The Merchant of Venice
nytheatre.com review by Martin Denton
November 13, 2010
One of my few rules as a theatre reviewer is to not see famous/classic plays that I know I dislike. The number of plays on this list is very small (I can actually only think of three: Shaw's Misalliance and Ibsen's A Doll's House are two of them). My firm prejudice against these works is personal and deep and difficult for me to shake under the best of circumstances; the theatre community is far better served by me not seeing these pieces when they are revived.
Well, dear readers, I regret to say that I broke my rule and went to see the new Broadway production of The Merchant of Venice. Shakespeare's problematic play about a Jewish moneylender who asks for a pound of the borrower's flesh in the event of default on a debt of 3,000 ducats is, as you have by now realized, the third play on my "thumbs-down" list; but the excited word-of-mouth among my critical peers (though not nytheatre.com's own David Gordon, whose assessment of the earlier incarnation of this production last summer is here), plus the chance to see a pair of actors I respect (Al Pacino and Lily Rabe) in classic roles they seemed suited for, made me decide to break my rule and give Merchant another chance.
I left at intermission.
Daniel Sullivan's production, which I was hoping would show me my error in not appreciating this play, only exacerbated all of my misgivings about it and its fitness for revival in the 21st century.

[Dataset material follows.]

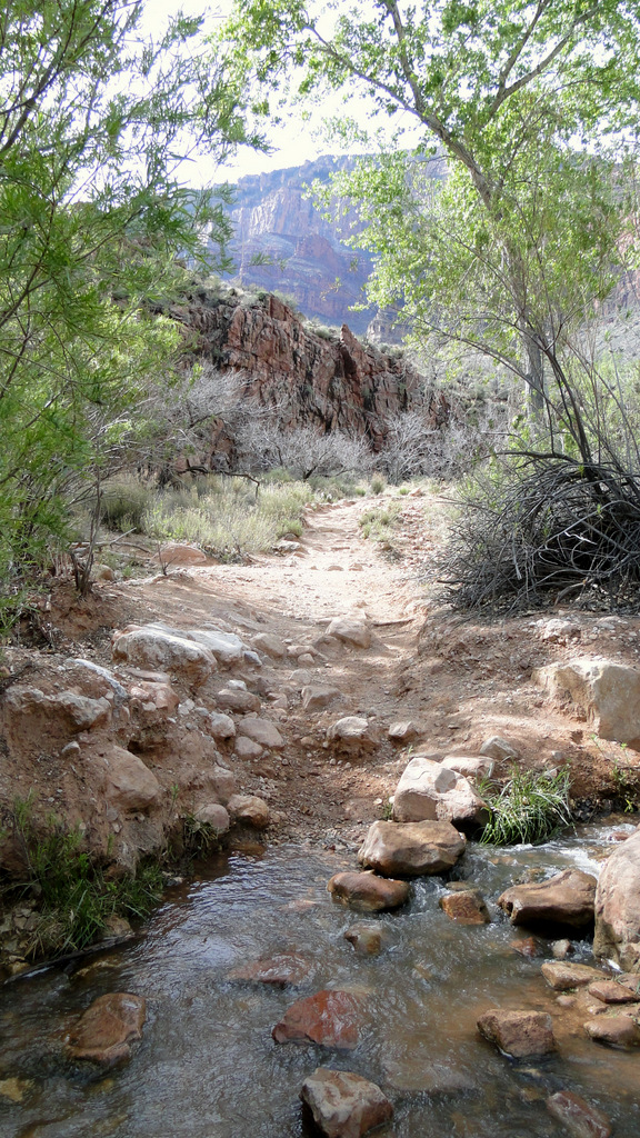 After crossing the river for the final time, we found ourselves on a new stretch of trail – at least for us. On the other side of the Colorado, the Bright Angel Trail clings to a cliff along the river until it comes to a gash in the south side of the canyon created by a trickling stream. The Bright Angel Trail spends most of its lower route alongside or near this creek, although it also spends a good amount of that time switchbacking up to the next level of rock.

Here's my basic issue with Merchant: it's essentially a fairy tale about the circuitous route that a smart and unconventional heroine (Portia) takes to win, or allow herself to be won by, a dashing though possibly less worthy young man (Bassanio). Where Rosalind and Orlando's romance is contrasted by Jaques's melancholy in As You Like It, Portia and Bassanio's is set against the story of the Jew, Shylock, whose loan to Bassanio's best friend Antonio gets the story in motion. Shylock is a tough character for audiences to deal with nowadays, because he is such an archetypal (and stereotypical) demonized Jew: greedy, grasping, malevolent, vengeful. Shakespeare wrote him at a time when it was illegal for Jews to reside in England (the edict codifying this wasn't repealed until 1656) and when Christian Churches enjoined their members from charging interest on loans on moral grounds (which didn't end until about 1620, according to this article). So the world that could produce a Merchant of Venice was in important ways different from our own; except as an aid in understanding that world, I am at a loss as to why the play would be produced at all nowadays.

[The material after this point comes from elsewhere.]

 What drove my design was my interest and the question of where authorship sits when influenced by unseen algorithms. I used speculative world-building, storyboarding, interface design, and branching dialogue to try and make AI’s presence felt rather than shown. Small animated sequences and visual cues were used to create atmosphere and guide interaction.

Sullivan emphatically is not interested in letting the play be a key to its own time, however; the design concept indicates immediately that he is out to somehow demonstrate something timeless in Merchant. Jess Goldstein's costumes mostly suggest the late Victorian/early Edwardian period (except for Portia's lush red gown, which reminded me of something Julie Andrews might have worn in Camelot), while Mark Wendland's set is dominated by a large circular cage-like structure that covers most of the stage (it's removed for the scenes at Belmont). We see, in a wordless prologue, a group of Jews forced to remain outside this cage (the inside of it, by the way, is reminiscent of a modern stock exchange, akin to the one in Broadway's recent Enron).
I get the idea about anti-Semitism that Sullivan intends to make; what I don't get is why Sullivan makes it fuzzy by mashing up a period of institutionalized anti-Semitism (Shakespeare's time) with periods of relative tolerance (the late 1800s, today). Does Sullivan want us to believe that Jews can't work in stock exchanges nowadays? That Jews were persecuted by Queen Victoria or King Edward VII's governments? And to the extent that the play, notwithstanding its more modern trappings, depicts Venice in the 1500s, wouldn't the Jews have been locked INSIDE their ghetto rather than outside a Christian one?
So you can see that before the first word of dialogue had been uttered, Sullivan had already lost me. He never won me back. The pace felt sluggish throughout, with unnecessary transitional scenes added (for example, Portia gets her picture taken before her first scene starts) that accomplish nothing but make the play longer. Jokes that must have left 'em howling in the Globe fell flat; experienced comedic stars like Christopher Fitzgerald (Launcelot Gobbo) and Charles Kimbrough (Prince of Aragon) got laughs only with silly walks and shtick. Rabe's Portia seems detached and dispassionate while Pacino is only a notch less over-the-top as Shylock than he was as Herod in the disastrous Salome of a few seasons back. (Plus Pacino swallowed many of his lines, and deliberately worked against the meter on others; in fact the only really clear recitations of Shakespeare's poetry that I heard came from Peter Francis James and Matthew Rauch as the exposition-providers Salerio and Solanio.)
Others can and will disagree; will find things that move them and touch them in this play and this production. And that's great—indeed, I sincerely wish now that I had sent someone else to review this Merchant. Believe me, I won't break my rule again.